Records drawn from a dataset:

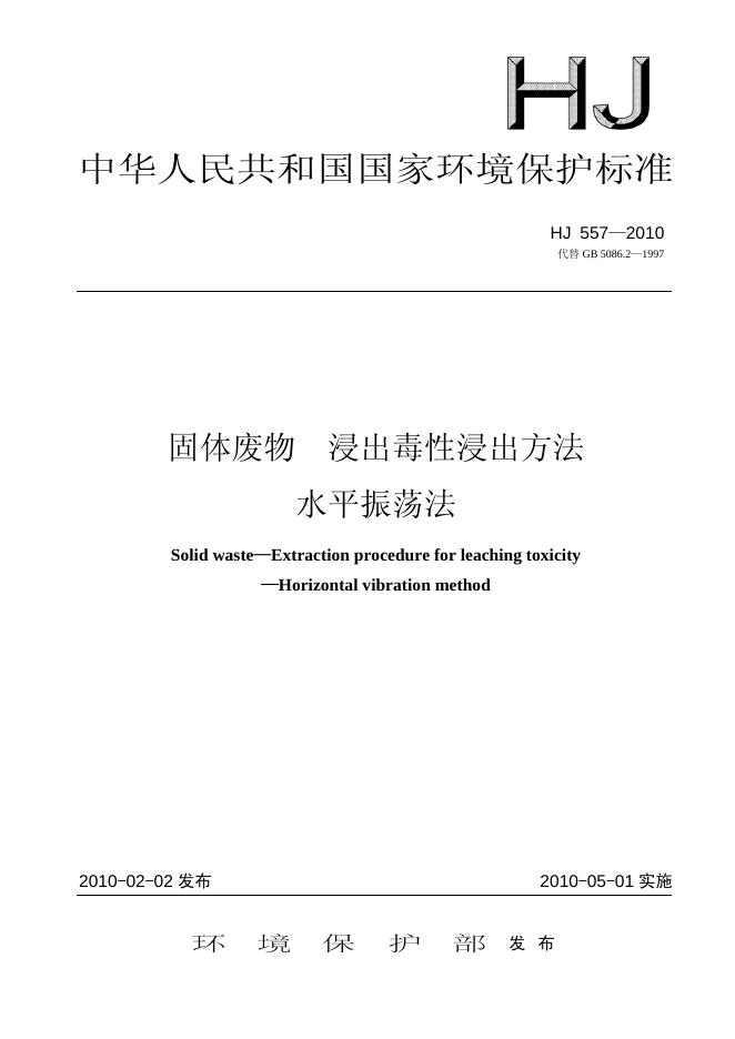 HJ 557-2010 固体废物 浸出毒性浸出方法 水平振荡法
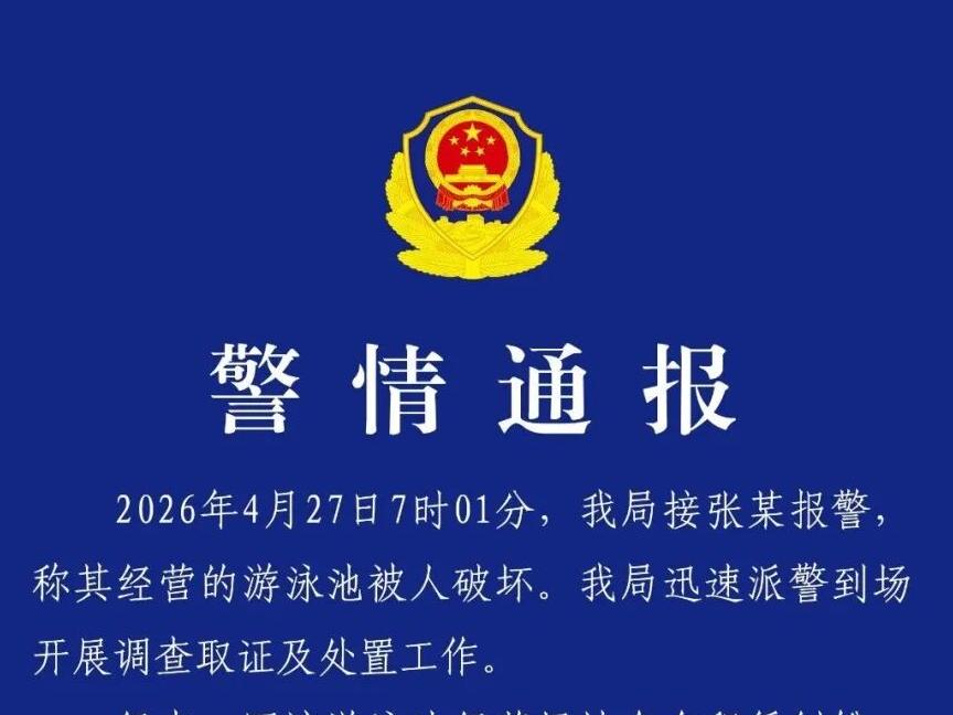4月28日,成都市公安局青羊区分局发布警情通报称,4月27日7时01分,警方接张某报警,称其经营的游泳池被人破坏。警方迅速派警到场开展调查取证及处置工作。
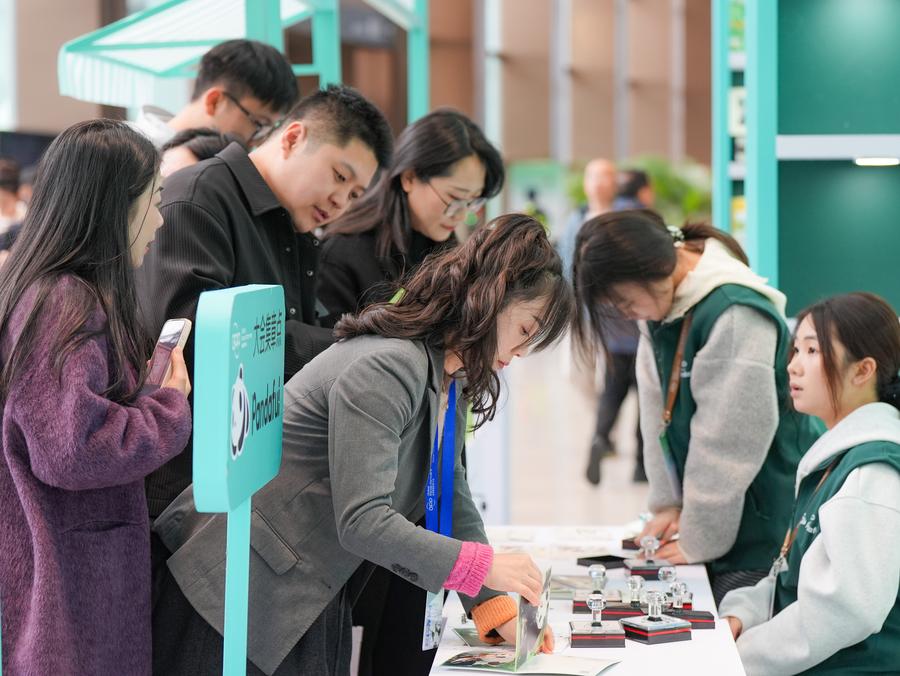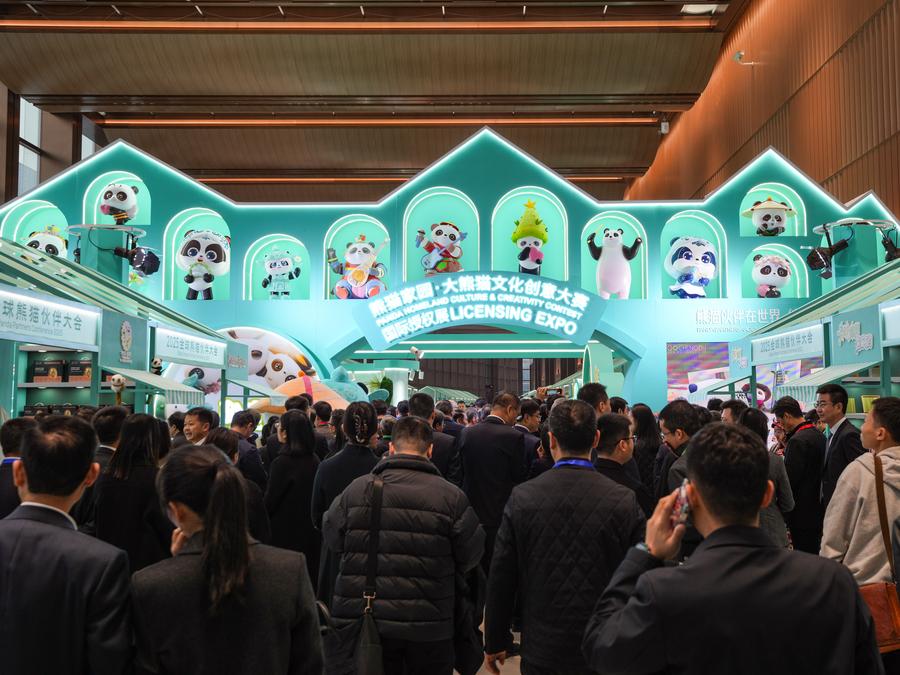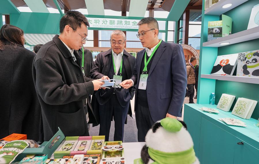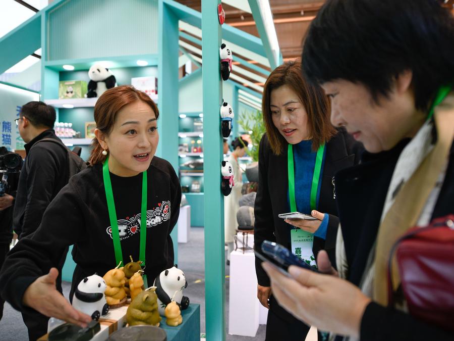 21日、グローバルパンダパートナー大会でパンダ関連の製品を見る来賓。(成都=新華社記者/江宏景)
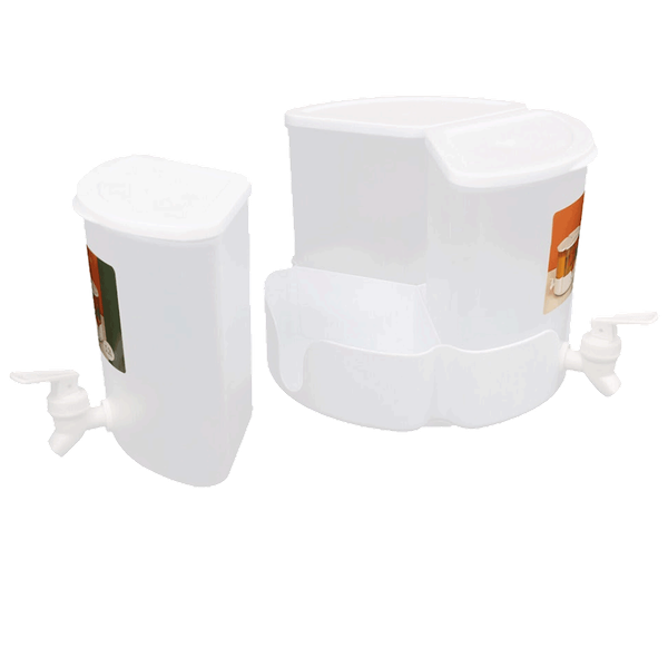 Made of food-grade PP material, it's safe, durable, with three separate compartments, 360° rotating base, silicone-sealed faucets, and portable handle - 5.2 L
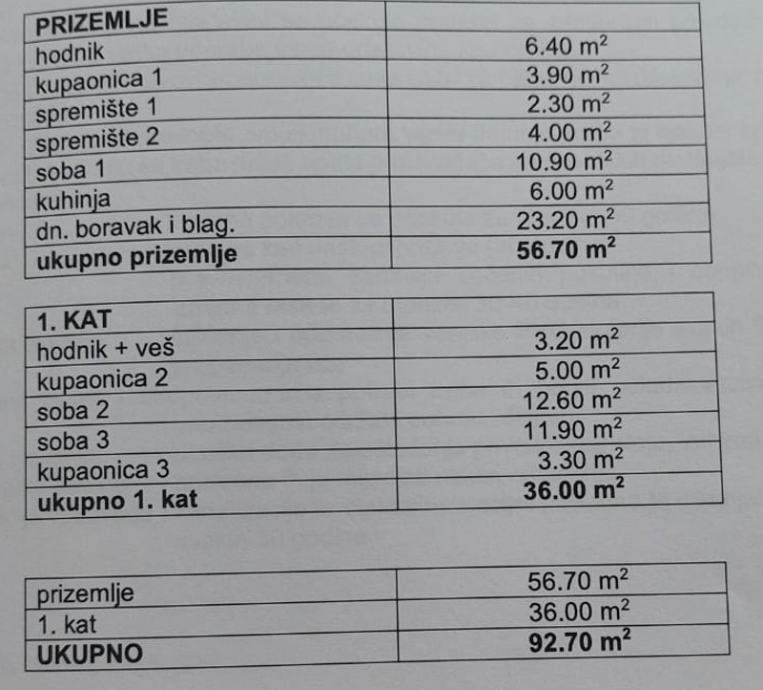 U prizemlju se nalazi ulazni hodnik, kuhinja i dnevni boravak, spavaća soba, kupaonica i dva spremišta.
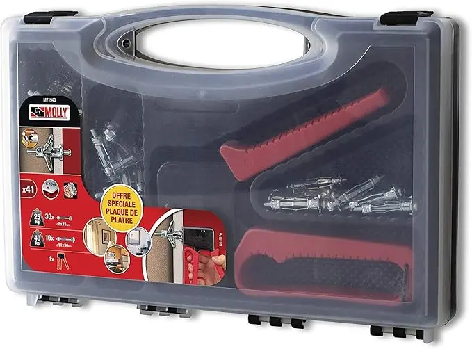 Oubliez les chevilles en plastique rouge ou blanche dans le placo : elles s’arrachent. Pour le placo, il faut impérativement une Cheville Molly. Elle s’ouvre comme un parapluie métallique derrière la plaque pour répartir la charge sur une grande surface.

Task description: Look above and copy only the lines from the one holding "4月28日,成都市公安局青羊" to the one holding "Made of food-grade", both included, exactly, minus the pictures.

Worked solution:
4月28日,成都市公安局青羊区分局发布警情通报称,4月27日7时01分,警方接张某报警,称其经营的游泳池被人破坏。警方迅速派警到场开展调查取证及处置工作。
 21日、グローバルパンダパートナー大会でパンダ関連の製品を見る来賓。(成都=新華社記者/江宏景)
 Made of food-grade PP material, it's safe, durable, with three separate compartments, 360° rotating base, silicone-sealed faucets, and portable handle - 5.2 L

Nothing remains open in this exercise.